I have a sweet cherry tree in our garden and this looks like an interesting recipe! Any advice for quantities if I were to use fresh cherries and a bar of chocolate? Milk or dark?


----------



## Zintrigue (Feb 14, 2018)

I took the cheap and easy route with mine. I used Danger Dave's dragon blood recipe, except instead of mixed frozen fruit I did pure cherries. Cleared and stabilized like normal, then just before letting it sit I backsweetened with chocolate liqueur. For 1 gallon I do about 8 tbsp (give or take a bit to taste). Then I add a bit less than the recommended sugar because chocolate liqueur is already sweet. Family seems to love the hell out of it.


----------



## priZm (Feb 22, 2019)

What kind of chocolate liquor did you use?? Like Godiva? I'm wondering how that works when you add it in, wouldn't it reduce the clarity of the wine?


----------



## Mrose (Feb 23, 2019)

I make a raspberry white choclate wine that I can’t keep made fast enough! I use the orchard breezin kit and Monin Suryp. I’ll only use 1/2 of the F-pack from the kit and use the whole bottle of white choclate.


----------



## salcoco (Feb 23, 2019)

cream de cacaoe is a good liquor for chocolate flavor. visit https://winemaking.jackkeller.net/index.asp for a strawberry chocolate wine . of importance is using a dutch choclate that has been processed properly. Keller has a discussion of this on his blog.


----------



## WinoDave (Feb 24, 2019)

Mrose said:


> I make a raspberry white choclate wine that I can’t keep made fast enough! I use the orchard breezin kit and Monin Suryp. I’ll only use 1/2 of the F-pack from the kit and use the whole bottle of white choclate.


You buy that $9.95 bottle of white chocolate from Monin? Making sure I’m buying the right thing. Sounds like a great idea. Thinking of getting the chocolate and adding it too a strawberry kit and cherry kit.


----------



## Mrose (Feb 25, 2019)

WinoDave, yep that’s what I use. I gets good results and I’m very happy with the results. Haven’t had good results with the dark chocolate it makes the wine grainy tasting.


----------



## WinoDave (Feb 25, 2019)

Mrose said:


> WinoDave, yep that’s what I use. I gets good results and I’m very happy with the results. Haven’t had good results with the dark chocolate it makes the wine grainy tasting.

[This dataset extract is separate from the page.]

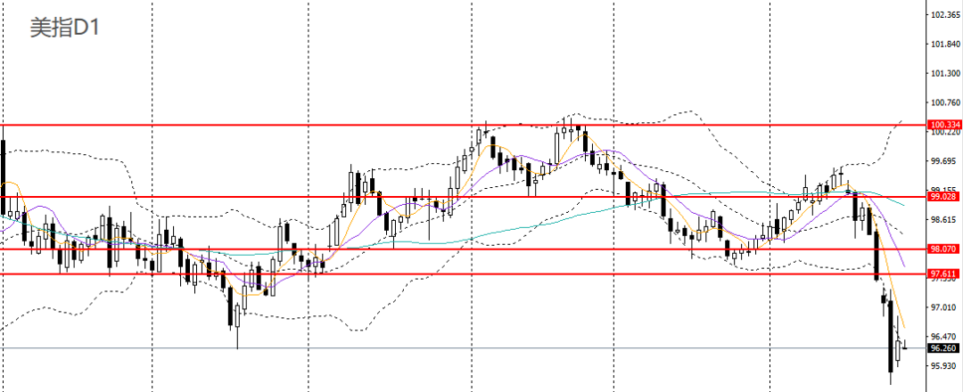 美元指数昨日收阳,今日亚盘延续跌势,4小时仍承压于97下方,短线预计将维持低位震荡,下方继续关注95.50-95.60一带支撑。

Thank You for that information, especially on the chocolate. Weird chocolate syrup would be grainy?? Maybe I’ll do cocoa nibs for cherry and strawberry
I bought a chocolate cherry dessert wine kit and it is awesome. Making the chocolate/raspberry wine kit now. Just looking for something that’s a little cheaper to make. Those kits are $90 a piece and you only get 3 gallons


----------



## Mrose (Feb 25, 2019)

WinoDave, I should have been more specific,it’s the dark chocolate that makes the wine grainy tasting. The white chocolate is the way to go.


----------



## WinoDave (Feb 26, 2019)

Mrose said:


> WinoDave, I should have been more specific,it’s the dark chocolate that makes the wine grainy tasting. The white chocolate is the way to go.


THankYou, Island mist makes a great cherry wine kit if you ever want to try a white chocolate cherry. Think these might be my next 2 kits.


----------